Work to complete> Without including any images, output the listing below exactly.

Raw data>
* * * * *

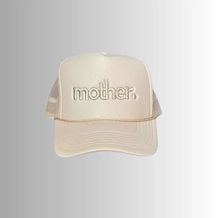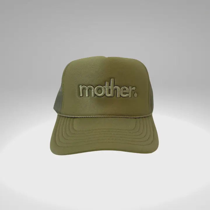 The elevated version of your everyday hat. "mother." is embroidered across our Brown + tan trucker hat with matching thread. Feel strong and empowered when wearing this hat. Features: * High profile, structured * Color: Brown + Tan * "mother." in puff embroidery * "Strong as a mother" tag inside hat * Slightly curved visor * Foam trucker with nylon mesh back * Plastic snapback
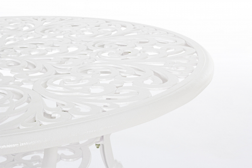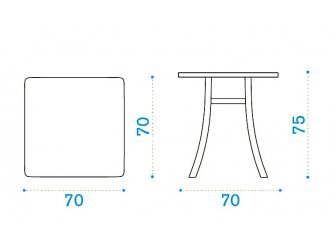Стол полностью выполнен из алюминия с порошковым покрытием (полиэстер) для наружного применения с полуглянцевой отделкой.
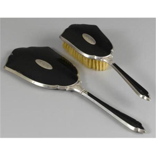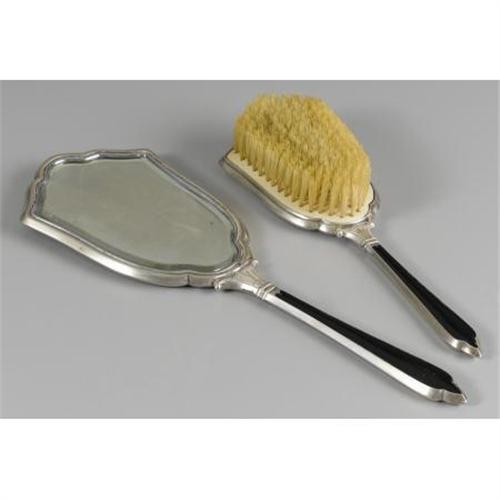 <B>An American Silver and Enamel Hand Mirror and Brush<BR></B></I>Maker unknown<BR>Early Twentieth Century<BR><BR>Monogram to the reverse <I>MAR</B></I>, marked on the handle <I>STERLING</B></I> <BR>The mirror: 12.2 inches long x 4.2 inches wide<BR> <B>Condition Report:</B> Normal signs of wear as appropriate with age; some delamination to the reverse of the mirror.<BR><BR><b>Shipping:</b> Miscellaneous Collectibles, Larg (<a target="_blank" href="http://www.heritageauctions.com/common/shipping.php">view shipping information</a>)

* * * * *

Exercise solution>
 The elevated version of your everyday hat. "mother." is embroidered across our Brown + tan trucker hat with matching thread. Feel strong and empowered when wearing this hat. Features: * High profile, structured * Color: Brown + Tan * "mother." in puff embroidery * "Strong as a mother" tag inside hat * Slightly curved visor * Foam trucker with nylon mesh back * Plastic snapback
Стол полностью выполнен из алюминия с порошковым покрытием (полиэстер) для наружного применения с полуглянцевой отделкой.
 <B>An American Silver and Enamel Hand Mirror and Brush<BR></B></I>Maker unknown<BR>Early Twentieth Century<BR><BR>Monogram to the reverse <I>MAR</B></I>, marked on the handle <I>STERLING</B></I> <BR>The mirror: 12.2 inches long x 4.2 inches wide<BR> <B>Condition Report:</B> Normal signs of wear as appropriate with age; some delamination to the reverse of the mirror.<BR><BR><b>Shipping:</b> Miscellaneous Collectibles, Larg (<a target="_blank" href="http://www.heritageauctions.com/common/shipping.php">view shipping information</a>)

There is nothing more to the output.